[Dataset excerpts]
^^^^^^^^^^^^^^^^

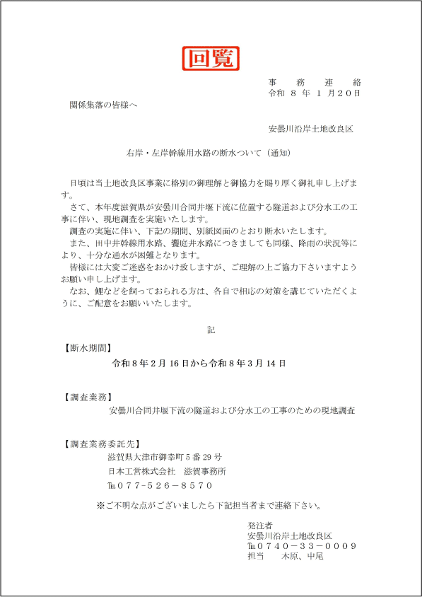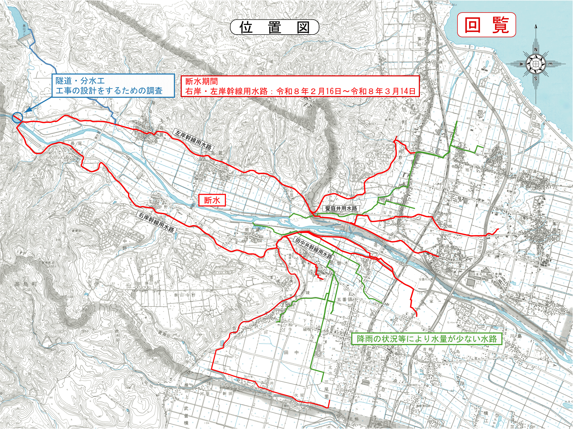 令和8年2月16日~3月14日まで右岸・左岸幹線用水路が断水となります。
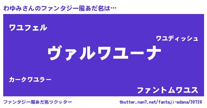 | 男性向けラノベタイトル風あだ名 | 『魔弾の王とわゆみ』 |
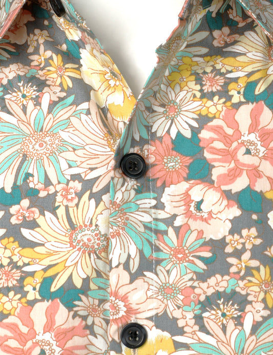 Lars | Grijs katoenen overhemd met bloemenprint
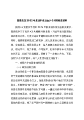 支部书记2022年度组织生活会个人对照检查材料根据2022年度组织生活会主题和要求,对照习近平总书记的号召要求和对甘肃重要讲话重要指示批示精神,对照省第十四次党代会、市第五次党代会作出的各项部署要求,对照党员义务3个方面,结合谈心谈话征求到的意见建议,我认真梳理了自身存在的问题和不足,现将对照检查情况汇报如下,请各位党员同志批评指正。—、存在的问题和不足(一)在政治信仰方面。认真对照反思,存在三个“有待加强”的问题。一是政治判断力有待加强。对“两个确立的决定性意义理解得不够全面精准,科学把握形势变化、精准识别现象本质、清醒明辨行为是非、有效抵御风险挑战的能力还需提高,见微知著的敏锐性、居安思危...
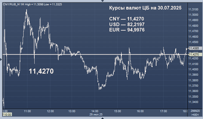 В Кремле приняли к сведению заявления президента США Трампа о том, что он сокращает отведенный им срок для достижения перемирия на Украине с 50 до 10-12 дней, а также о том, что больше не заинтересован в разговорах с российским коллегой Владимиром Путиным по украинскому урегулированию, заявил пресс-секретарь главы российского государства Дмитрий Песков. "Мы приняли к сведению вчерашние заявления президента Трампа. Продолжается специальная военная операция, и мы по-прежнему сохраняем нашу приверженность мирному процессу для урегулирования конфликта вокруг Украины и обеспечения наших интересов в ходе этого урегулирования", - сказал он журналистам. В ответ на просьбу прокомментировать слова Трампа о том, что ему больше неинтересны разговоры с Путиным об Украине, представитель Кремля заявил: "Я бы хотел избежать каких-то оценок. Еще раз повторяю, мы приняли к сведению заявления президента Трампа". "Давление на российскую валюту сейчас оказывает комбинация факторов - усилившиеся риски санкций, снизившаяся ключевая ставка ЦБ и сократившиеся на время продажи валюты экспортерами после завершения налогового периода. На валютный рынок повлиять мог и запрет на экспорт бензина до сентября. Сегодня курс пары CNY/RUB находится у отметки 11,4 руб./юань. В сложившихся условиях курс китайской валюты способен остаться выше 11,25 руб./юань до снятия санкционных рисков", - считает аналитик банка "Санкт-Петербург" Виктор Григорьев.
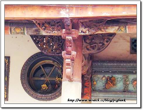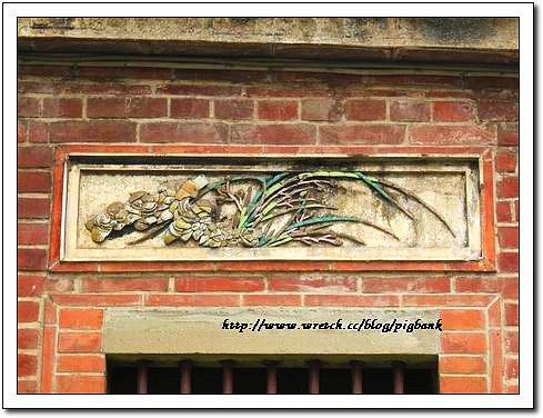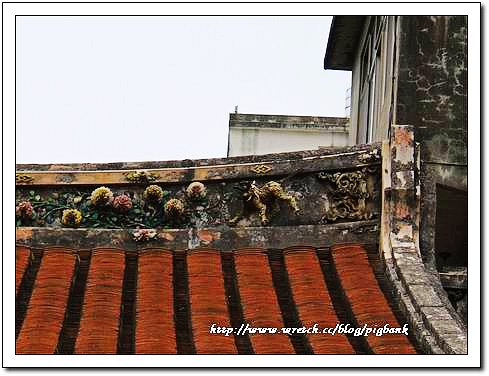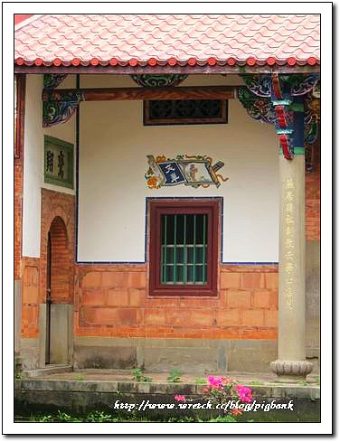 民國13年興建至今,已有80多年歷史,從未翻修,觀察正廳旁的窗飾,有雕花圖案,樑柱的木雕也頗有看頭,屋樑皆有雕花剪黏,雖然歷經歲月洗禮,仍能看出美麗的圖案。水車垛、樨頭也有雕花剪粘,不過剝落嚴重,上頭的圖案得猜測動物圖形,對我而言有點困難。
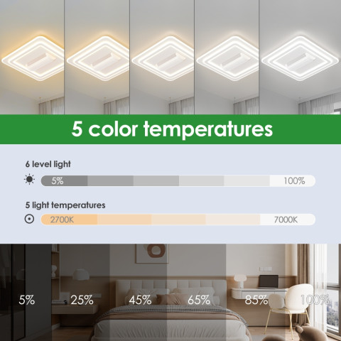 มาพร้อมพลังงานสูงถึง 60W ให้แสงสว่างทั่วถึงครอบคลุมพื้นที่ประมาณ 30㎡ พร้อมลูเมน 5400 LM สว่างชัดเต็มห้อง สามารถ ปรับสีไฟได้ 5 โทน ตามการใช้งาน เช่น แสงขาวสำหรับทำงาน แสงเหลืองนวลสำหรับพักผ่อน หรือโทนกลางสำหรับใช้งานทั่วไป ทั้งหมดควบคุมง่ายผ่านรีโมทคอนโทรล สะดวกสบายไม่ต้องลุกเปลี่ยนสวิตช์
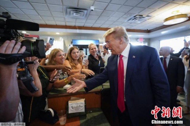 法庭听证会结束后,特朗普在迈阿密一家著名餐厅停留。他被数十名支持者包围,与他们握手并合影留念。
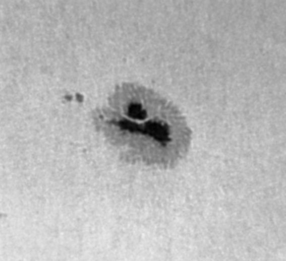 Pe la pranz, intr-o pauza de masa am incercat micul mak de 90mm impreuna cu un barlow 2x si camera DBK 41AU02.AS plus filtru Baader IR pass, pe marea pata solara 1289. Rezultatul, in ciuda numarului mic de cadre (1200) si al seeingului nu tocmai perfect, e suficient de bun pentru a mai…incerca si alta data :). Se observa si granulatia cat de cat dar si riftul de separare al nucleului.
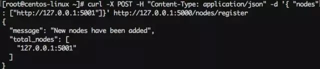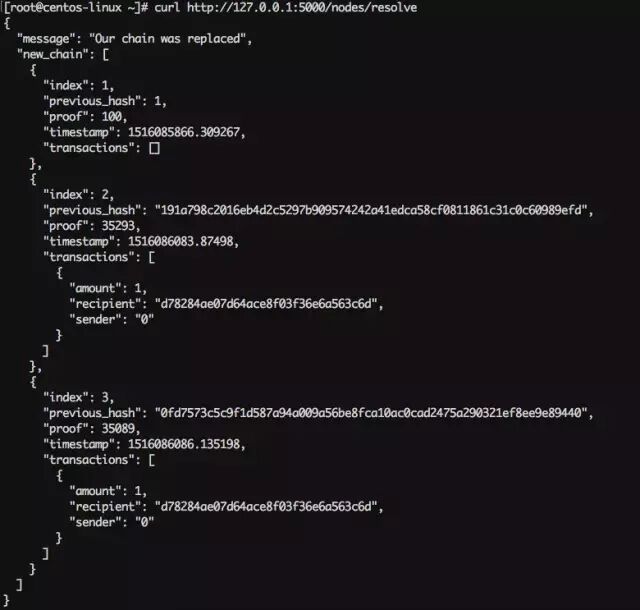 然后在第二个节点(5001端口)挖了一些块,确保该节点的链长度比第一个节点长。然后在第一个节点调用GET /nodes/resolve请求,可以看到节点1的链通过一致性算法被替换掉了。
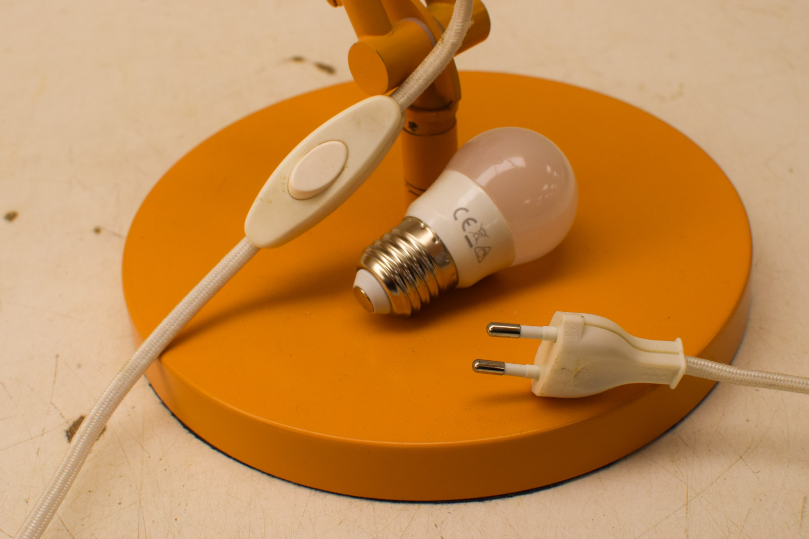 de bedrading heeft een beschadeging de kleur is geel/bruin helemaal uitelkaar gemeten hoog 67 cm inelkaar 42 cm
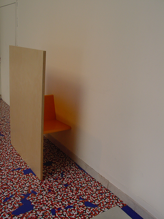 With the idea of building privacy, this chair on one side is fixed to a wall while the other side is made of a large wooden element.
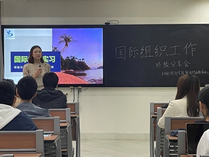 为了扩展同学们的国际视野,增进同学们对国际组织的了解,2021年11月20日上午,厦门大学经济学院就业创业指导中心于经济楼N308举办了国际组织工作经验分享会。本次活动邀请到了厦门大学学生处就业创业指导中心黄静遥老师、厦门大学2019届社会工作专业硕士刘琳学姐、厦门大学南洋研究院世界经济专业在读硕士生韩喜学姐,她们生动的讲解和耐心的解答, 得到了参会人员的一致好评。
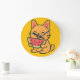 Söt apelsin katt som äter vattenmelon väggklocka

^^^^^^^^^^^^^^^^

Output exactly the lines from the first line of the records through the line containing "支部书记2022年度组织生活". Leave out every picture.

§ RESPONSE BELOW
 令和8年2月16日~3月14日まで右岸・左岸幹線用水路が断水となります。
 | 男性向けラノベタイトル風あだ名 | 『魔弾の王とわゆみ』 |
 Lars | Grijs katoenen overhemd met bloemenprint
 支部书记2022年度组织生活会个人对照检查材料根据2022年度组织生活会主题和要求,对照习近平总书记的号召要求和对甘肃重要讲话重要指示批示精神,对照省第十四次党代会、市第五次党代会作出的各项部署要求,对照党员义务3个方面,结合谈心谈话征求到的意见建议,我认真梳理了自身存在的问题和不足,现将对照检查情况汇报如下,请各位党员同志批评指正。—、存在的问题和不足(一)在政治信仰方面。认真对照反思,存在三个“有待加强”的问题。一是政治判断力有待加强。对“两个确立的决定性意义理解得不够全面精准,科学把握形势变化、精准识别现象本质、清醒明辨行为是非、有效抵御风险挑战的能力还需提高,见微知著的敏锐性、居安思危...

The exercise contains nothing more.